ASSIGNMENT. Omitting the pictures, print every line below exactly as it stands.

SUPPLIED DATA.
_ _ _ _ _
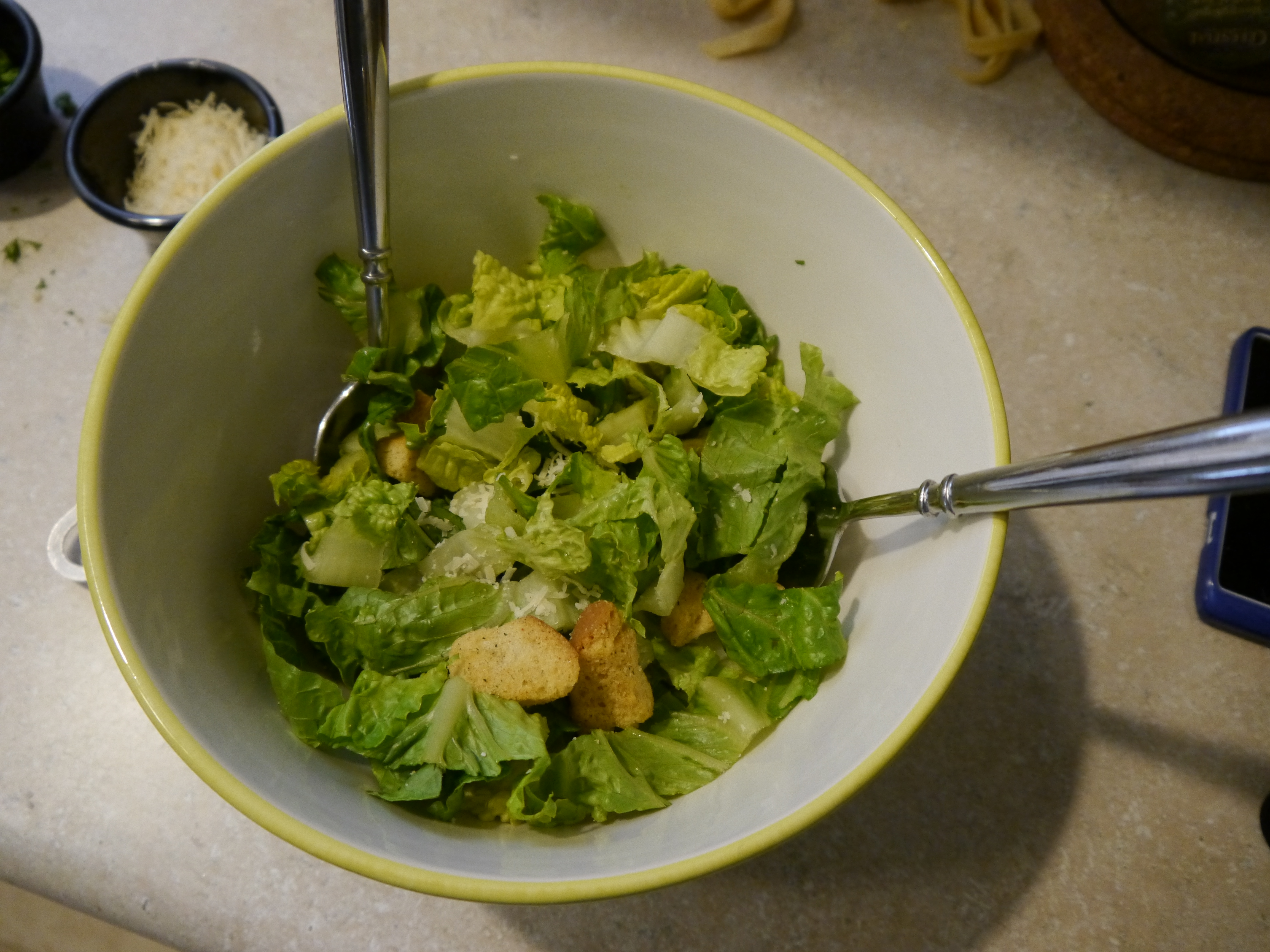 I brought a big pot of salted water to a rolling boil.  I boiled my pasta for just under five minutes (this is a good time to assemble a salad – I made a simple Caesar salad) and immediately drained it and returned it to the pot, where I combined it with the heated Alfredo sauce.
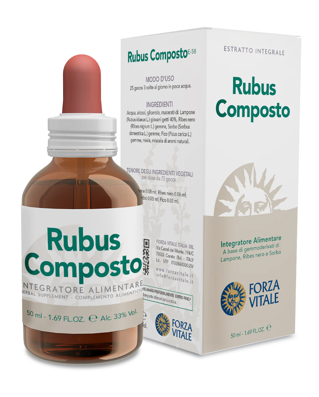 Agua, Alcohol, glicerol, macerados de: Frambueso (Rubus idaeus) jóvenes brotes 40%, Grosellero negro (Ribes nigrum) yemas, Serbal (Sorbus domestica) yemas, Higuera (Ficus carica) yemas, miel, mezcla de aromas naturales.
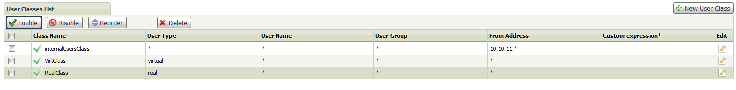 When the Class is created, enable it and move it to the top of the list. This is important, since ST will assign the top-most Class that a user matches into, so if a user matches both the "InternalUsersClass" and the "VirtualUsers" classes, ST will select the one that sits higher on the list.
_ _ _ _ _
EXPECTED ANSWER.
 I brought a big pot of salted water to a rolling boil.  I boiled my pasta for just under five minutes (this is a good time to assemble a salad – I made a simple Caesar salad) and immediately drained it and returned it to the pot, where I combined it with the heated Alfredo sauce.
 Agua, Alcohol, glicerol, macerados de: Frambueso (Rubus idaeus) jóvenes brotes 40%, Grosellero negro (Ribes nigrum) yemas, Serbal (Sorbus domestica) yemas, Higuera (Ficus carica) yemas, miel, mezcla de aromas naturales.
 When the Class is created, enable it and move it to the top of the list. This is important, since ST will assign the top-most Class that a user matches into, so if a user matches both the "InternalUsersClass" and the "VirtualUsers" classes, ST will select the one that sits higher on the list.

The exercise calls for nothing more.